Agents earn vote of confidence from industry peer

by Justin da Rosa15 Jul 2016
A leading mortgage broker shares his views on the recent developments that will change British Columbia’s real estate industry

“I would … say the overwhelming majority of realtors are all hard-working, honest people who want to do right by their client. Real estate is just like every other industry in our country,” Dustan Woodhouse, a B.C.-based broker, said. “There are a certain proportion of bad apples in every barrel. It’s good they are trying to more aggressively weed them out.”

It was announced earlier this month that a new superintendent will oversee real estate rules in British Columbia, ousting the B.C. Real Estate Council.

The announcement came a day after an independent advisory board recommended 28 changes aimed at overhauling the real estate industry, including increased fines for misconduct and a crackdown on dual agents.

For his part, Woodhouse doesn’t foresee any material difference in how the industry operates.

“I don’t really see any fundamental change, ultimately. Whether you’re self-regulated or regulated by an outside party, I think the challenge is the outside party sometimes has a more difficult time putting their finger on issues,” Dustan Woodhouse, a B.C.-based broker tells CMP. “On the other side, when you’re self-regulated the thought is you may not be doing enough. Will a government regulator take more action? Maybe, time will tell.”

He also provided comment on the end of dual agency – a move many agents argue is long overdue.

 “The one material change that will come from it is the end of dual agency. It’s crazy. I say to clients all the time; this is like you walking into a court room to do litigious battle with somebody and you’re going to use your lawyer to represent you. Especially as a buyer, when you pay no realtor commission,” Woodhouse says. “I would suggest a skilled buyer’s agent would negotiate either a better price or more favourable conditions or ask questions that the novice buyer will not even know to ask that will far outweigh the half a commission that a dual agency commission might be kicked back to a buyer.”


  • by 7/15/2016 11:38:33 AM

    Perhaps Real Estate Agents should be more concerned about their clients best interest instead of having them try to outbid for the property, to pad their own pockets. That's the main reason agents are getting buyers to waive home inspections and financing clauses. God forbid you would want your client to be well informed of all issues or potential issues with a property prior to making probably the largest investment of their life. Its not the home inspectors that are the whiners, its the uninformed real estate agents that are oblivious to anything but their overpaid commissions.

  • by Greg V 7/15/2016 12:29:09 PM

    @anonymous that is just an ignorant comment. I'm not a Realtor but the reason buyers are putting themselves at risk with overtaking prices and condition free is desperation. Before they write an offer they know it is multiple offer and thus in this short supply are effectively entering into an auction. As such they could do their homework upfront and get an inspection and appraisal before writing. The agents job is to help them get a property. All that has nothing to do with commissions or how much a Realtor makes. If you feel Realrors make such an excess amount you should get your license. It is dead simple and anyone can do it. For that reason alone , making a living and staying out of court is a totally different issue.

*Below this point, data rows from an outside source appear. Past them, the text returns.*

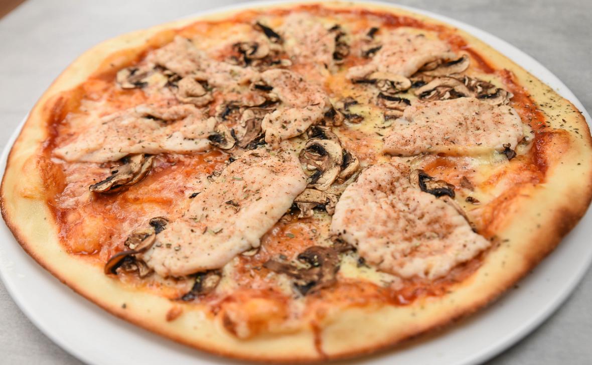 Состав: тесто, сыр моцарелла, шампиньоны, куриное филе, перец чили (в небольшом количестве).
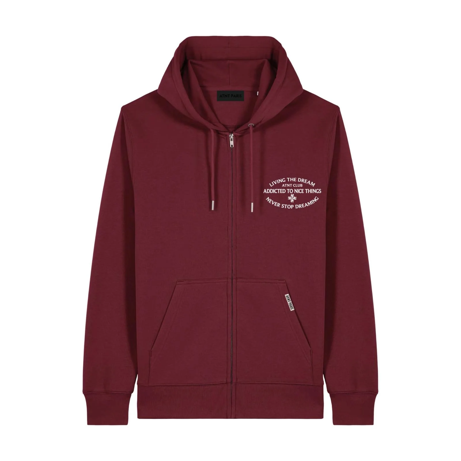 Doté d’une capuche doublée, de cordons premium avec embouts métalliques et d’un zip frontal YKK en métal brossé, il incarne une allure moderne et intemporelle. Son imprimé signature au dos reflète l’ADN d’ATNT : audace, minimalisme et exigence.
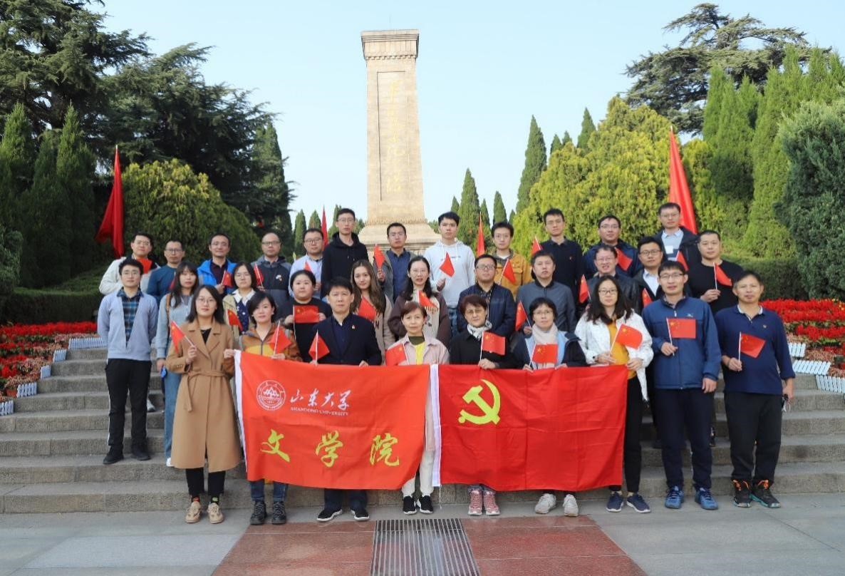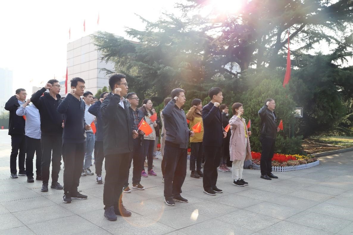 最后,教工党员们来到革命烈士纪念碑前。全体党员面对鲜红的党旗,一起高举右拳,重温入党誓词。铿锵有力的誓言展现出不忘初心、牢记使命的信心和决心。

  • by Mike 7/15/2016 7:27:12 PM

    You know the funny thing about eliminating limited duel agency is that we are going back to a system that failed 20 years ago. Real Estate isn't law, it is not like having a litigator working for both sides in a transaction.

    Double ending deals will not disappear. The public will always call the name on the sign. Our sellers will be upset if we do not show our own listings. It would like a consumer going to ford to buy a Volkswagen . Instead what will happen is that we won't be able to represent both parties. We will only represent the seller. So who will represent the buyer then?...

    the answer is no one.... and so buyers will buy without anyone looking out for their interests

    sure increase fines to keep the agents in line but how is creating a system where no one is looking out for the buyers interests going to make the general public safer. I mean at least now with limited dual agency the agents are personally liable but soon they won't be. Really!!?